Rebecca Parry is a professor at Nottingham Law School, Nottingham Trent University, UK, and a member of the CIFL Board of Advisors. This blog piece is a part of the series which features contributions by the members of our Board of Advisors.
The world has changed rapidly in the last few years. The growing use of disruptive technologies has brought great changes to ways of working and interacting socially. The pace of these changes was only accelerated by the Covid-19 pandemic as, although this event brought great strains, it also led to growing use and awareness of the potential of technologies. Technologies enabled safer transactions in the Covid-19 era, supported, for example, by the Indian legal framework permitting electronic transactions in place of existing formalities. There are also prospects for greater social inclusion as the world’s leading digital ID scheme Aadhaar, has enrolled over 1.2 billion people. There are prospects for improvements in educational opportunities and medical and agricultural technologies, to give only a few notable examples. The Indian digital economy is booming and as a result, India stands to be a major global player in the 21st century. The National Association of Software and Services Companies (Nasscom) and McKinsey anticipated in 2015 that the Indian technology services industry might be worth $300-350 billion.
While the technical infrastructure to support this transformation, such as broadband, internet exchange points, and cloud services, is important it is not enough in itself. Other factors, including the role of law in this transformation, should not be underestimated. India’s comparatively well-developed laws have already given it competitive advantages in winning digital service contracts and they should stand entrepreneurs in good stead in the future. It is also notable, however, that new ways of doing things may prompt reflection as to the suitability of laws that were developed in very different contexts. It can be difficult for laws to deal with every development but a broad health check of laws should be an aspect of the development of a digital economy.
Areas of law that are immediately of relevance to digital economies are intellectual property laws, human rights, and privacy laws, as well as competition laws. The UK’s Digital Economy Act 2017, for example, covered a wide range of aspects of the law. While the importance of these areas should not be underemphasised and are vital to ensure that nobody is disadvantaged by the digital economy or, against their will, excluded from it, an overlooked aspect relates to the laws that support businesses. Behind digital services are companies that are often poorly understood or overlooked, despite their importance and this is the case for concepts such as the cloud that many will think of as ethereal. This is an area of the industry that is complex and interconnected and this makes the risks of this sector difficult to assess. At its worst, the insurer Lloyd’s of London has forecast the failure of a digital service company could give rise to a “too big to fail” scenario, given the dependency of businesses and the wider public on the services provided and a crisis could rival that of the banks in 2008. Even if companies that get into difficulties are smaller and do not present systemic risk, they could leave business and customer customers unable to access their data or important services and they can cause significant losses.

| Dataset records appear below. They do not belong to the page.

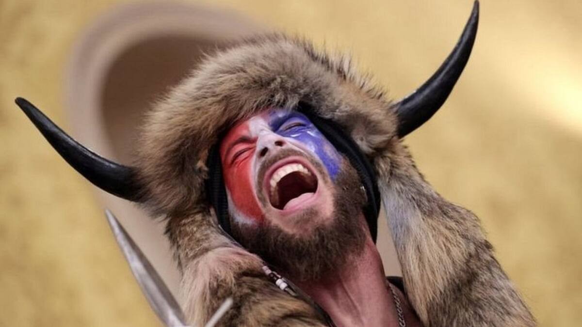 Uno de los manifestantes, que ingresó al edificio con ropa vikinga, lucía un letrero que decía "Q me envió aquí", en referencia al nombre en clave del usuario de internet que inició la teoría de la conspiración de QAnon.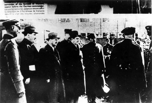 Budowa umocnień polowych w Warszawie #1 Budowa umocnień polowych w Warszawie #2 Obrona przeciwlotnicza Warszawy Warszawa we wrześniu '39 #1 Warszawa we wrześniu '39 #2 Warszawa we wrześniu '39 #3 Warszawa we wrześniu '39 #4 Warszawa we wrześniu '39 #5 Bombardowanie Warszawy Prezydent m. st. Warszawy - Stefan Starzyński Samoloty niemieckie nad Warszawą Samoloty niemieckie bombardujące Warszawę Ofiara nalotów niemieckich Płonąca Warszawa #1 Płonąca Warszawa #2 Płonąca Warszawa #3 Płonąca Warszawa #4 Żołnierz polski Zniszczenia Warszawy #1 Zniszczenia Warszawy #2 Zniszczenia Warszawy #3 Rozmowy kapitulacyjne #1 Rozmowy kapitulacyjne #2 Delegacja polska podczas rozmów kapitulacyjnych w Warszawie. IV z lewej stoi prezydent m. st. Warszawy - Stefan Starzyński Wojska niemieckie w Warszawie #1 Wojska niemieckie w Warszawie #2 Wojska niemieckie w Warszawie #3 Wojska niemieckie w Warszawie #4 Zakładnicy w Pałacu Blanka w W-wie oddani do dyspozycji władz niemieckich na czas uroczystej defilady hitlerowskiej w W-wie w dniu 5.10.1939 r.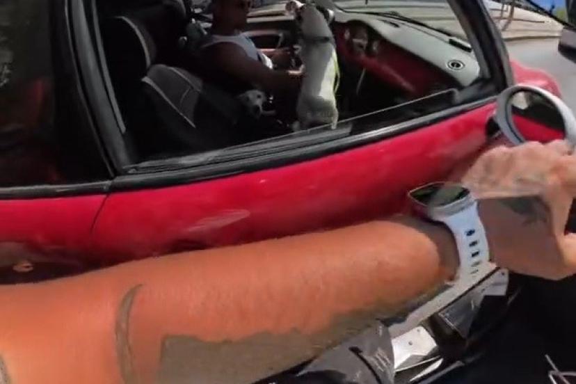Eskişehir’de işlek bir caddede seyreden bir motosiklet sürücüsü, trafikte beklerken yanında bulunan araç içindeki köpeği sevmek için açık camdan hamle yapınca, sevimli hayvanın 2 kez hırlamasıyla irkildi. Kask kamerasına yansıyan gülümseten olay sonrası, motosiklet sürücüsü araçtan hızla uzaklaştı.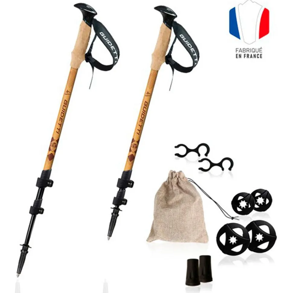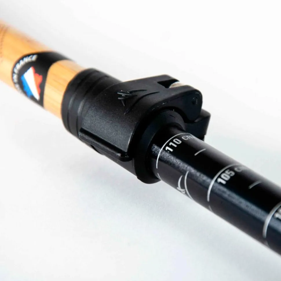 LeGuidetti Terre De Trek Evasionest un bâton de randonnée télescopique composé de trois brins en carbone et aluminium, avec un revêtement en bambou. Il est équipé d’un système de réglage à clapet externe en aluminium Easylock pour une adaptation facile à l’inclinaison du terrain. Il dispose également d’une poignée R-Go en liège agréable à la prise en main et de deux types de rondelles pour une utilisation polyvalente en été comme en hiver.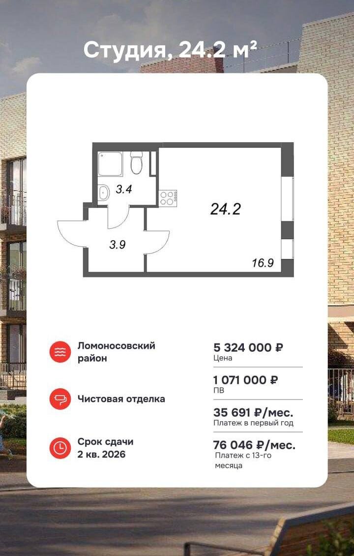 Акция от Альфа-Банка «Год без забот» — платите меньше уже сейчас Если вы планируете продажу своего текущего жилья или держите деньги на вкладах, а купить новое жильё пока не решаетесь, тогда эта программа для вас: 👍 «Год без забот» совместно с Альфа-Банком. В чём суть? • Первый год (12 месяцев) — субсидированная ставка 9% по ипотеке • Платежи в этот период в 2 раза ниже, чем по стандартной ипотеке • Цена квартиры без удорожания по 100% оплате После 12 месяцев ставка возвращается к стандартной (21.59%). Студия, 24.2 м² • цена — 5 324 000 ₽ • ПВ — 1 071 000 ₽ • платеж в первый год — 35 691 ₽/мес. • платеж с 13-го месяца — 76 046 ₽/мес. 1 ккв, 32.5 м² • цена — 7 263 750 ₽ • ПВ — 1 460 750 ₽ • платеж в первый год — 48 699 ₽/мес. • платеж с 13-го месяца — 103 852 ₽/мес. Почему это удобно? Можно купить квартиру уже сейчас, но основную финансовую нагрузку перенести на время, когда вы продадите старое жильё или освободите средства со вкладов. Стоимость фиксируется! Времени до пере

Admittedly, many risks can be anticipated by customers in exercising due diligence in selecting digital services and in inserting provisions into their contracts to provide protection, the extent to which this will be helpful in the event of the failure of a business is limited. Attention also needs to be paid therefore to a proactive approach to the possibility of business failure and a suitable approach, therefore, needs to combine:
- A strong emphasis on crisis prevention with approaches that will protect customers in the event of business failure. As well as good corporate governance standards there is a need for compliance with industry best practices, including cybersecurity, staff training, and record-keeping.
- A robust strategy to address the problems arising from the financial difficulties of digital services providers, considered in more detail next.
The biggest challenges will lie in cases where a digital service supplier is insolvent and not a suitable candidate for financial or operational reorganisation. A sudden shutdown of a business, such as a cloud computing service supplier, could leave customers being permanently denied access to data or services that they depend on since data can be time-consuming to recover and alternative services may be hard to come by or may be unavailable. It would therefore be desirable for insolvency laws to enable a temporary period of ongoing trading while customers recover data and make alternative arrangements. Inevitably the costs that this would lead to would present tension with the interests of creditors who will want the insolvency to be swiftly concluded so that further losses can be avoided. This is an example of a scenario where business failure can potentially have a wide public impact and this might justify an impact on creditors. Consideration might therefore be given to the development of a specialist insolvency procedure to support insolvent digital service companies. Existing research by the author has considered this aspect of UK law and the development of an approach in India is the subject of an ongoing research project.